There I encountered my first problem, when I use the -c/-a options (which do base-level mapping) I get NO mapping reads. Otherwise, running minimap2 with the deafult approximate mapping (no -c/-a options) I do get many records in the PAF file, but I don't know if I can trust them.

Mapping QC

Here I couldn't find any guides/pipelines/tools to do the QC of the mapping job. So my quesiton #2 is: what about mapping/alignment quality?

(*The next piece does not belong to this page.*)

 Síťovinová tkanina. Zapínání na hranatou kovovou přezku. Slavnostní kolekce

I could find the dotplot appears to be a commonly used way to check how much the query (our sequencing reads) matches the reference (reference genome). I undesrstood that good quality would mean a mostly diagonal line, I don't know if this is correct. Then, when I plot my data I can only see vertical lines

paf <- read.table("file.paf", fill = TRUE,
                        col.names = paste0("V",seq_len(max(count.fields("file.paf", sep = "\t")))))
ggplot(data = paf) +
  geom_segment(aes(x = V8, xend = V9, y = V3, yend = V4))

Dotplot of my sample

I also used the pafr R package and got no dotplot. When I checked the chromosome-level coverage of the genome it was OK, all the chromsomes were covered.

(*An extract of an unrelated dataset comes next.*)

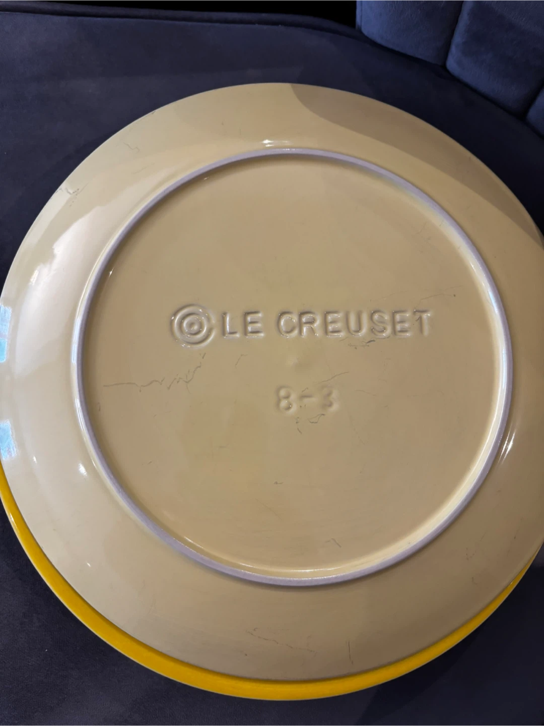 Selling a Le Creuset stoneware plates in a vibrant yellow colour! They’re perfect for adding a pop of colour to your table setting. The plates are in good condition and ready for a new home. They measure 8.3 inches.

Sorry for the long message. Does sombody have a clue about what is happening with this data? Can I trust this data? Did I do something wrong? Any feedback/help will be much appreciated.

minmap2 long-reads NanoPlot Nanopore • 677 views

ADD COMMENT • link updated 4 weeks ago by GenoMax 150k • written 5 weeks ago by ferran.llobet ▴ 10

0

Entering edit mode

If you are not working with methylation calls you can simply use the fastq format files for all analysis. Assuming both BAM and fastq were produced using identical basecalling model.

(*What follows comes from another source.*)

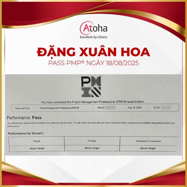 Khóa luyện thi PMP® của Atoha dành riêng cho Samsung SDS vừa tiếp tục ghi nhận thêm một thành tích xuất sắc - chị Đặng Xuân Hoa đã pass PMP® ngay trong lần thi đầu tiên vào ngày 18/08/2025. Atoha tin rằng đây là thành quả hoàn toàn xứng đáng dành cho những cố gắng và nỗ lực không ngừng nghỉ của chị trong suốt hành trình vừa qua.
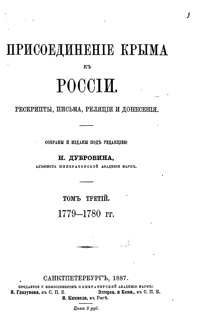 Присоединение Крыма к России: Том III. 1779—1780 гг.

ADD REPLY • link 4 weeks ago by GenoMax 150k

score 2 · Answer 1 · 2025-02-23

2

Entering edit mode

5 weeks ago

JC 13k

if the nanopore data was called with a recent version of dorado, you can have methylation calls in your BAM file (MM and ML fields), you can check that with samtools view <your bam> | more and check if those fields exist. If there are there, you can use modkit to generate a BED file with methylation calls.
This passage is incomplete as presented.